Ripartire, ritornare al proprio lavoro, riprendere una vita "normale", rimettere in moto il Paese è l'aspirazione, la volontà, il desiderio di tutti. Lo si è visto in questi primi giorni di fuoriuscita dal lockdown, segnati ovunque dalla volontà - quasi la frenesia - di riconquistare spazi e tempi perduti. È un segno di vitalità e di voglia di rinascita che va colto, e soprattutto non va deluso.
Qui c'è una responsabilità della classe dirigente del Paese. Tutta: quella politica, sia essa di governo o di opposizione, chiamata ad una dimostrazione di coesione e di comune responsabilità; quella economica chiamata ad uno sforzo straordinario di ricostruzione; quella culturale da cui deve venire un impulso forte a ripensare stili di vita, modelli urbani, forme di relazione, qualità dello sviluppo.

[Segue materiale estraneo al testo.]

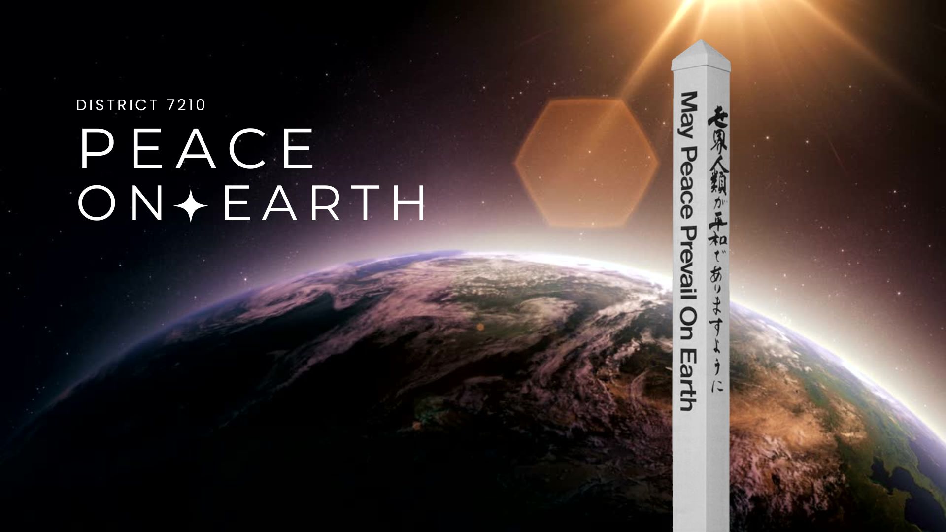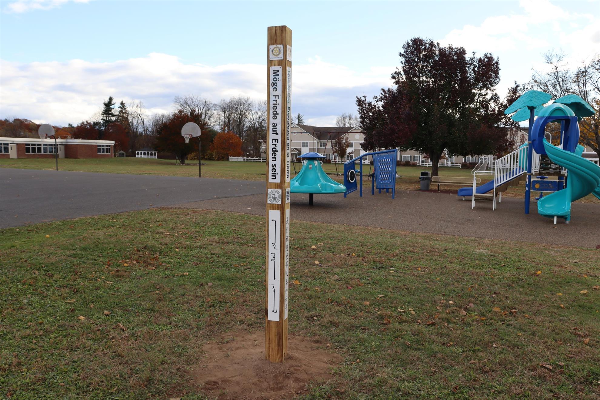 A Peace Pole is a monument that displays the message May Peace Prevail On Earth in the language of the country where it is placed. It usually displays 3 to 7 additional languages meaningful to the host site. The message is referred to as an affirmation of peace and its placement furthers Rotary’s goal of building a culture of peace throughout the world.
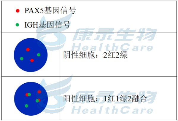 PAX5基因标记为橘红色; IGH基因标记为绿色。

Sì, serve un grande "patto nazionale per la rinascita" a cui ciascuno possa concorrere mettendo in campo energie, intelligenze, creatività, spirito di intrapresa. Un grande momento di mobilitazione collettiva in cui ognuno possa identificarsi, dando il meglio di se' con la consapevolezza che insieme si può vincere la sfida della ricostruzione e della rinascita. Così fu all'indomani della guerra quando si ricostruì un Paese devastato. Così fu, pur in un contesto diverso, quando l'Italia fu tra i fondatori dell'euro. Così deve essere oggi.
Non c'è modo migliore per celebrare il 2 giugno che scommettere insieme sul nostro destino, costruendo tutti insieme il nostro futuro.